Janus
- Purpose: file transfer protocol
- Developer(s): Rick Huebner
- Introduction: December 1987; 37 years ago
- Based on: ZMODEM
- Hardware: modems

= Janus (protocol) =

Janus is a file transfer protocol for use on bulletin board systems (BBSs). It has the relatively rare feature that it is fully bidirectional, allowing the protocol to upload and download files at the same time. It was written by Rick Huebner in 1987; Huebner had previously written a ZMODEM module for the Opus-CBBS system.

Using Janus, Opus BBS systems could save time exchanging files, like FidoNet message packets, by sending in both directions at the same time. In most cases, a given system in the Fido network would download more messages than it sent back, so in practice, the result was that the reply stream was costless. Huebner described the result as sending the shorter file for free.

Janus was useful in settings where the upstream and downstream links were both of similar performance, which was true in the mid-1980s when most high-speed modems operated at 2,400 bit/s bidirectionally. However, the protocol was introduced almost at the same time as the rapid popularization of the USRobotics HST standard with a 9,600 bit/s download and only 300 bit/s upload, where Janus offered little or no advantage. When higher-speed bidirectional modems appeared, like v.32bis, Janus had already largely disappeared.

==Details==
Janus is a packet-oriented protocol like XMODEM and similar systems. In these protocols, the file is transferred in "packets" or "blocks", small portions of the file as a whole. As each packet is received it is examined for errors, and if an error is found, an error message is sent back to the sender. The sender then sends the packet again until it either succeeds or the transfer is cancelled after a certain number of errors.

Janus is typical of late 1980s protocols that attempt to make better use of increasing modem speeds. XMODEM transferred only 128 bytes of data per packet, and then waited for a response from the receiver before sending the next packet. Due to the latency of the phone network, the minimum possible time to receive this acknowledgement represented a significant percentage of the time it needed to send the next packet, leading to relatively low channel usage on faster modems.

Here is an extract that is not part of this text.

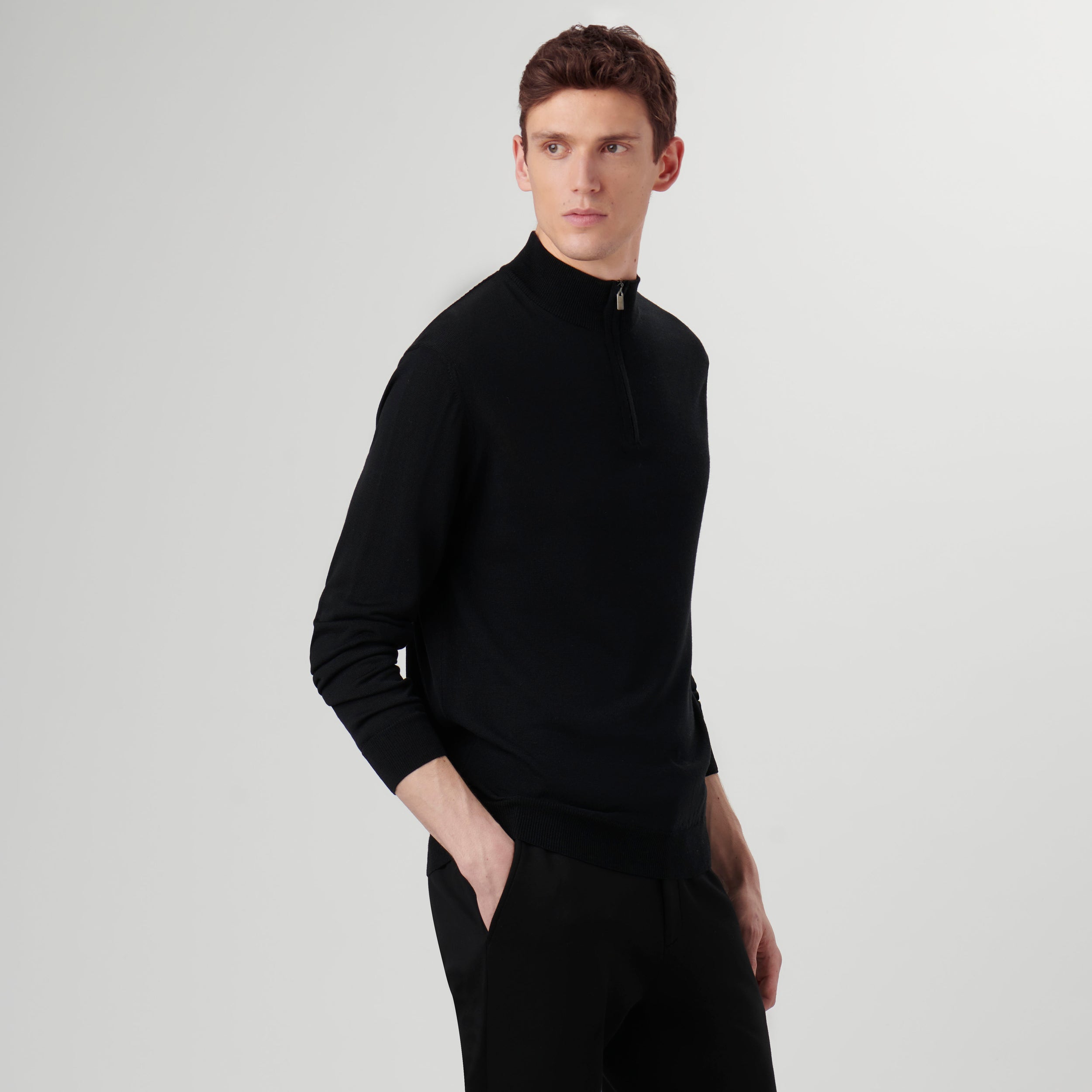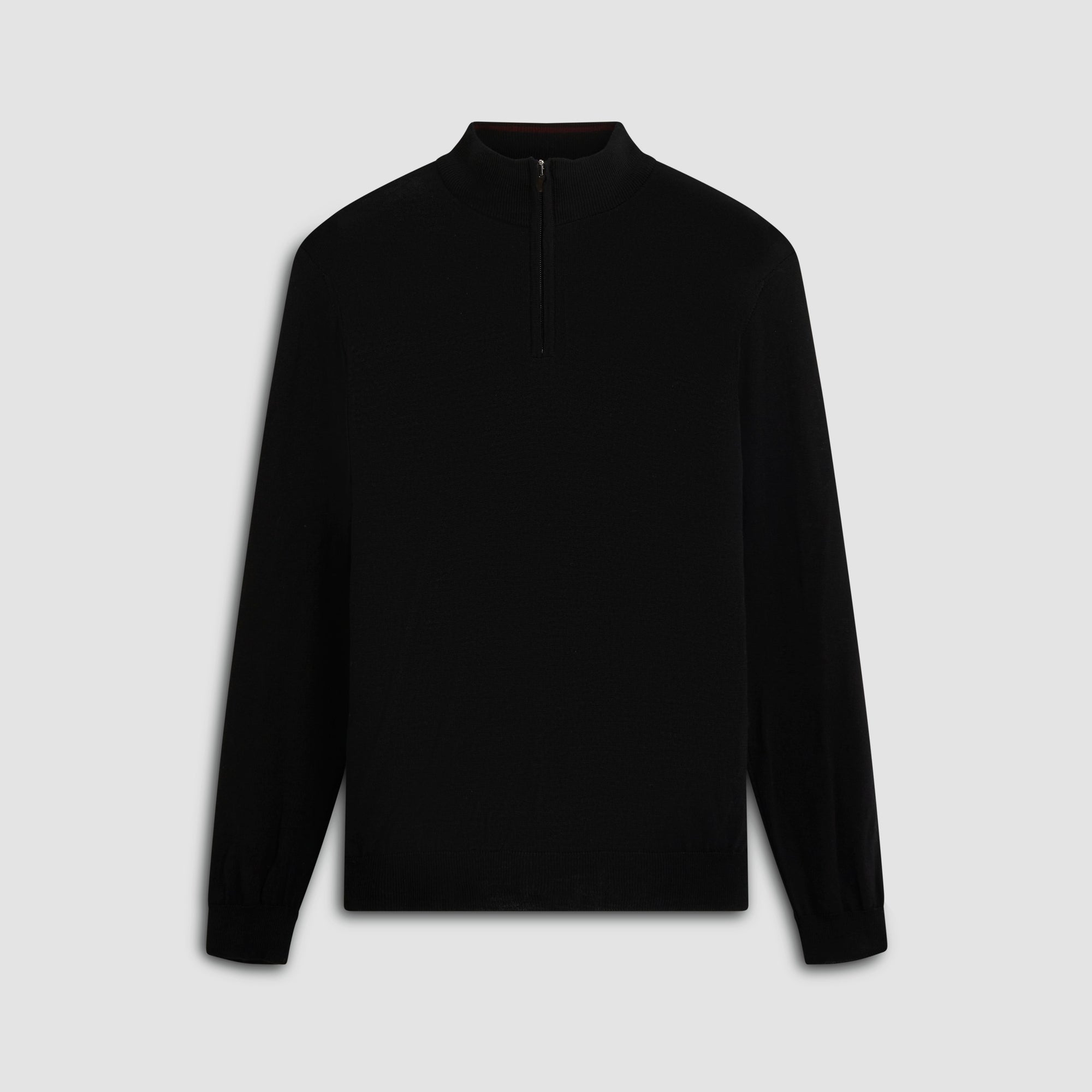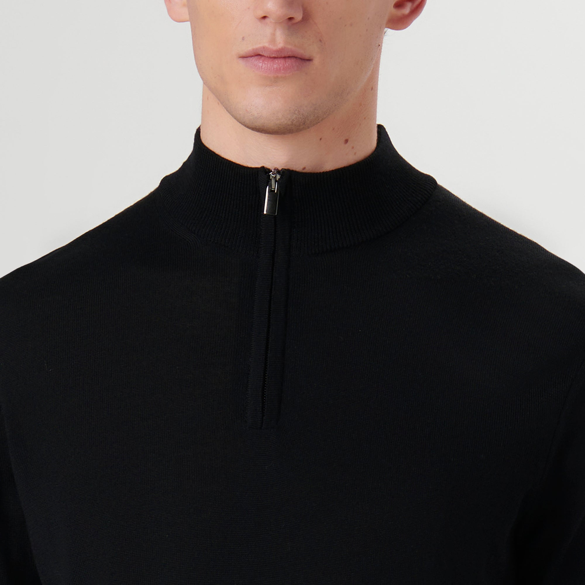 Solid pullover sweater in 100% extra fine merino wool with Harmony 4.0 special finishing, quarter zipper closure and rib knit mock neck, cuffs and waistband. This sweater is made with a high twist yarn that is breathable, hygroscopic, water repellent, machine washable and crease proof for long lasting performance wash after wash. Made in Italy.

The solution to this problem used in Janus was to allow the packet size to vary, from 0 to 2052 bytes per packet. With larger packets, the latency of the network represents a much smaller fraction of the time needed to send a packet. Additionally, Janus did not stop and wait for the receiver to acknowledge the reception of the packet, it simply assumed it was received correctly and immediately began sending the next packet. If there was an error, the receiver would signal this back to the sender, and the bad packet would then be re-sent as soon as the current packet was complete.

The basic Janus packet structure consisted of the following pattern:

    PKTSTRT, data, PKTYPE, PKTEND, CRC

The PKTSTRT and PKTEND were unique character sequences that allowed the protocol to identify the start and end of the data section. The data section contained 0 to 2052 bytes of data, depending on the PKTYPE. The CRC was a 16-bit cyclic redundancy check, the same applied to XMODEM-CRC (and its variations). There were several different PKTYPEs that represented data packets, acks, naks and other transfer details, as well as the FNAMEPKT which sent file metadata (name, size, etc.) that other protocols handled in "packet zero". In contrast to most other protocols, Janus used a 32-bit offset within the file to identify packets, as opposed to XMODEM-derived protocols which used an internal packet number which was typically a monotonically increasing integer.

An error in Janus would cause the receiver to send a BADPKT packet with the file offset to be sent back, allowing the system to send any packet out-of-order at any time. A large number of errors could be addressed by sending the RPOSPKT packet, which "rewound" the transfer to a given 32-bit address. Unlike other protocols, Janus did not have pre-defined limits on the number of failures that would cause a transfer to fail, transfers only ended when one side or the other explicitly sent a HALTPKT.

The packet size in Janus was selected dynamically based on the number of transmission errors and the time to send a packet. This was the same algorithm Huebner had developed for his version of ZMODEM used in the Opus BBS system. This algorithm was later back-ported into the ZMODEM standard by Chuck Forsberg.